小八和小九的鸟架挂在廊檐下,两个架子挨在一起。小八歪着头看小九,小九歪着头看小八。小八先开口:“世子聪明!”小九跟着喊:“世子聪明!”然后两只鸟开始轮流喊“团子团子”“豆豆乖”“父王威武”“大鹅威武”,整个院子都是鸟叫声。
沈长宁站在老槐树下,看着焕然一新的院子,心里又酸又暖。这个男人,为了她儿子,把两个院子打通,盖了一排房子,重新做了马厩、兔笼、狗窝、鸟架。他什么都没说,但什么都做了。
慕容战走过来,站在她旁边:“还缺什么?”
沈长宁摇头:“不缺了。”
慕容战看着团子在院子里跑来跑去,嘴角微微翘起:“团子高兴就行。”
林青妍站在自己院子的门口,手里攥着帕子,指节捏得发白。春杏站在她旁边,低着头,大气都不敢出。消息已经传遍了整个王府——王爷把望舒院和旁边的院子打通了,盖了一排新房子,给那个小世子的鸡鸭鹅住。还重新做了马厩、兔笼、狗窝、鸟架。整个王府都在议论,说王爷对侧妃和小世子真好。

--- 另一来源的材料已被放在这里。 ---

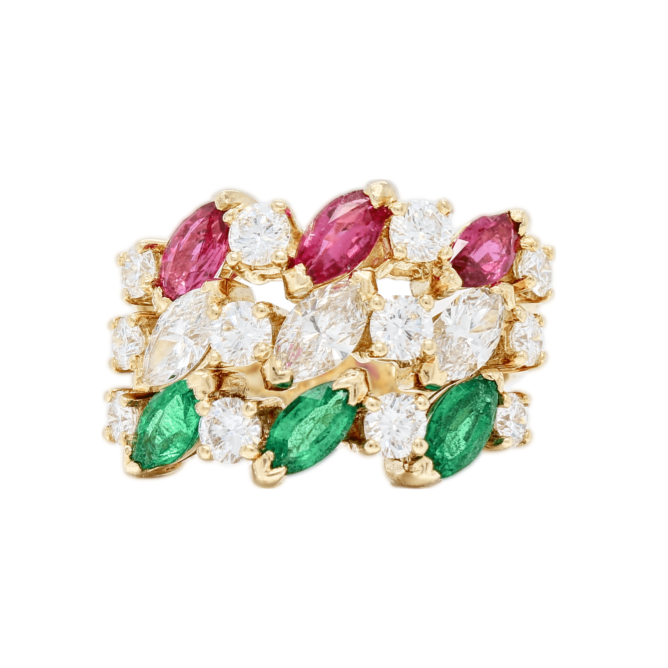 1.20 carat Three Row Ring with Ruby, Emerald and Diamonds in Yellow Gold

林青妍转身进屋,关上门,坐在妆台前,盯着镜子里的自己。镜子里的女人,妆容精致,眉眼含情,但那双眼睛里,全是恨意。她嫁给慕容战快半年了,他从来没为她做过任何事。新婚之夜没来,成婚快半年不圆房,连用晚膳都越来越少。可他为了那个贱人和小野种,拆院子、盖房子、什么都舍得,什么都愿意。
“春杏。”她喊。
春杏从外面进来,小心翼翼地看着她:“王妃?”
林青妍从妆台上拿起一把梳子,慢慢梳头,一下一下,很慢,很用力。“王爷这些天,每天都去望舒院?”
春杏点头:“是。每天下午去,有时候上午也去。”
“晚上呢?”
春杏犹豫了一下:“晚上……也去。待一会儿就回书房。”
林青妍手里的梳子顿了一下。晚上也去?去干什么?她不敢想。她放下梳子,站起来,走到窗前。窗外,望舒院的方向,隐隐约约能看见新盖的那排房子。青砖灰瓦,在阳光下格外显眼。
“春杏,”她开口,“你说,我哪里不如那个贱人?”
春杏不敢回答。林青妍没等她回答,自己说了:“我比她先认识王爷,我陪了他三年多,我嫁给他快半年了。可他的心,从来不在我身上。”